Пушкин до последнего момента был убеждён в том, что Катерина станет жертвой интриги и брак не состоится. Даже после объявления о помолвке, рассказывает Соллогуб, Пушкин «ей всё не верил — так что он со мной держал пари: я тросточку, а он — свои сочинения»[1096]. Пушкин бился об заклад не с одним Соллогубом. С.Н. Карамзина писала: «…завтра, в воскресенье, состоится эта удивительная свадьба… Пушкин проиграет несколько пари, потому что он, изволите видеть, бился об заклад, что эта свадьба один обман и никогда не состоится»[1097].
Помолвка Дантеса заинтриговала двор. 19 ноября императрица записала в своём дневнике: «Вечером Софи Бобринская и Сесиль (Фредерикс. — Р.С.) о женитьбе Дантеса». 23 ноября царица послала записку Бобринской: «Со вчерашнего дня для меня всё стало ясно с женитьбой Дантеса, но это секрет»[1098]. Николай I беседовал с Пушкиным 23 ноября. Значит императрица Александра не могла получить сведения от него 22 ноября. Но она беседовала с Трубецким, приятелем Дантеса, и с фрейлинами. Сестре Долли, Е.Ф. Тизенгаузен, она писала: «Я так хотела бы узнать у вас подробности невероятной женитьбы Дантеса, неужели причиной явилось анонимное письмо?»[1099]
Бобринская была менее сдержанна относительно секрета Дантеса. 25 ноября она послала мужу следующее сообщение о браке кавалергарда: «…ничем другим я вот уже целую неделю не занимаюсь, и чем больше мне рассказывают об этой непостижимой истории, тем меньше я что-нибудь в ней понимаю» […] «Это, — продолжала подруга царицы, — решённый брак сегодня, какой навряд ли состоится завтра. Он женится на старшей Гончаровой, некрасивой, чёрной и бедной сестре белолицей, поэтичной красавицы, жены Пушкина»[1100]. Итак, главная тайна, о которой умолчала царица в письме, состояла в том, что помолвка Дантеса непрочна, поскольку в самое близкое время (завтра) станет ясно, что брак не состоится. Следует отдать должное проницательности Пушкина.

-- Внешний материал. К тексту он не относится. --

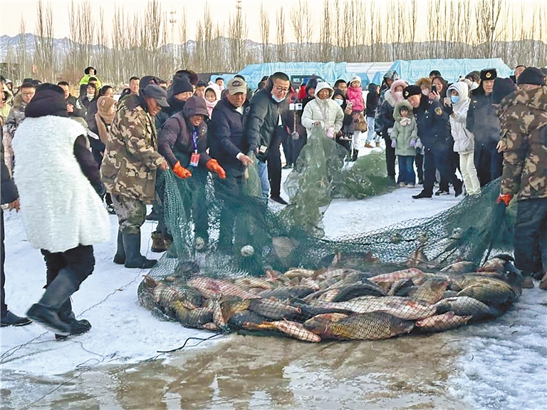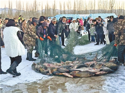 在冬捕现场,渔民带着捕捞工具凿冰、走网、收网,让游客现场体验壮观的冬捕景象。经过渔民1个多小时的辛苦劳作,乌梁素海冬捕喜获丰收。今年冬捕第一网捕获3000斤左右的鱼,其中有鲤鱼、草鱼、花鲢、白鲢等多个品种,头鱼重达25斤。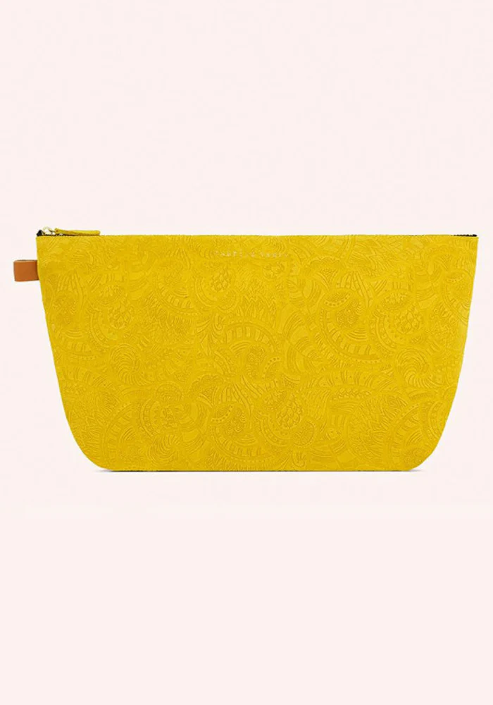 Trousse Pilow en cuir Dharma Lemon. Caractéristiques : Matière : Cuir non doublée avec détail cuir tannage végétal Dimensions : 32 x 17 x 9 cm

Его предположения полностью совпадали со сведениями, исходившими от Дантеса и его друзей.
Через несколько дней после помолвки Дантеса произошли события, живо описанные В. Соллогубом. 21 ноября 1836 г. Александр Сергеевич пригласил графа к себе и сказал, что ничего не хочет делать без его — секунданта — ведома. Вслед за тем он зачитал опешившему Соллогубу черновик оскорбительного письма, адресованного Геккерну. Начав чтение, Пушкин пришёл в исступление.: «Губы его задрожали, глаза налились кровью. Он был до того страшен, что только тогда я понял, что он действительно африканского происхождения»[1101]. Впечатляющие подробности о налитых кровью глазах наводят на мысль, что поэт прочёл секунданту только что написанное письмо. Однако достоверны ли сами эти подробности?

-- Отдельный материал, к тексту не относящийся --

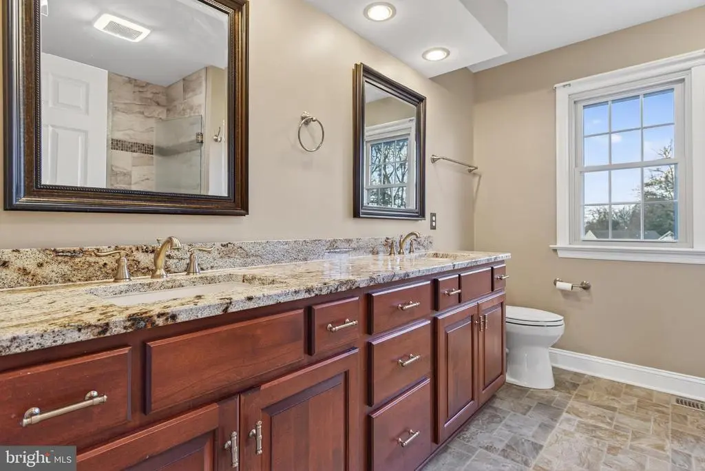 **Open House is cancelled. Apologies for any inconvenience.** Welcome to this stunning five-bedroom, three-and-a-half-bath home, located in Winding Hills, the premier neighborhood in the Mechanicsburg School District. This exceptional property, perfectly blending comfort, style, and extensive upgrades, is situated on a spacious level lot, and on a no through traffic cul-de-sac street. The home features a huge family room with a stone surround gas fireplace that opens seamlessly to the extensive eat-in kitchen. The kitchen includes a center island with seating, stainless steel appliances, ample cabinetry, new granite counters, and a new sliding glass door leading to a 16x14 patio, ideal for outdoor entertaining. A private first-floor office with glass French doors provides a quiet workspace, perfect for remote work or study. Upstairs, you’ll find five spacious bedrooms and three full bathrooms. The primary suite showcases 10-foot ceilings, a remodeled bathroom with a tiled walk-in shower, double bowl vanity with granite counters, a huge walk-in closet, and two additional storage closets. One guest bedroom includes its own private full bath. Additional features include all new LVP flooring throughout, remodeled bathrooms, gas furnace and central air replaced in 2021, new windows, new garage door, and numerous other upgrades. The unfinished basement includes a Bilco door with exterior exit, providing convenient access and future finishing potential. Residents of Winding Hills enjoy an exceptional lifestyle with 120 acres of green space, walking trails, a community saltwater pool, gym, and clubhouse. The neighborhood also offers easy access to major highways and the PA Turnpike, making commuting a breeze.

В ранней записке Соллогуб описал сцену в кабинете Пушкина в самых прозаических выражениях: «Тут он мне стал читать своё письмо к старику Геккерну. Я письма этого страшно испугался»[1102]. В том, что Соллогуб точно описал свои чувства, сомневаться не приходится. Что касается эмоционального состояния Пушкина, оно наиболее точно описано не в поздних, а в ранних воспоминаниях. Из самой ранней записки Соллогуба следует, что Пушкин «был в ужасном порыве страсти» 17 ноября, иначе говоря, главный эмоциональный всплеск приходился вовсе не на 21, а на 17 ноября.

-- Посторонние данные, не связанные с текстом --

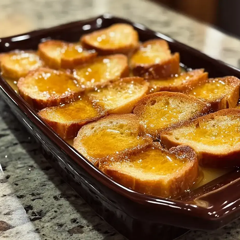 This French toast tastes best right from the oven with a light sprinkle of powdered sugar on top. Add some fresh berries for a tangy contrast to all that sweetness. You don't really need maple syrup since the caramelized sugar makes its own amazing sauce, but I always put a small jug on the table so folks can add more if they want. I like to round out the meal with some crispy bacon or breakfast sausages to balance out the sweet flavors.

Будучи беллетристом, Соллогуб не удержался от соблазна литературной обработки «речей» Пушкина. Согласно поздним припоминаниям, поэт начал беседу с секундантом словами: «С сыном уже покончено… Вы мне теперь старичка подавайте». До литературной обработки фраза не имела такого сатанинского звучания. В ранней записке значилось: «С молодым я кончил — подавайте старика».
Сохранилось два письма Пушкина, посвящённых одному и тому же сюжету. Одно адресовано Геккерну, другое — Бенкендорфу. Письма датируют одним и тем же днём — 21 ноября 1836 г. Однако сопоставление их содержания убеждает, что они не могли быть написаны одновременно. Письмо Бенкендорфу имеет точную дату 21 ноября. Письмо послу традиционно датируют 17—21 ноября. Эта дата нуждается в проверке.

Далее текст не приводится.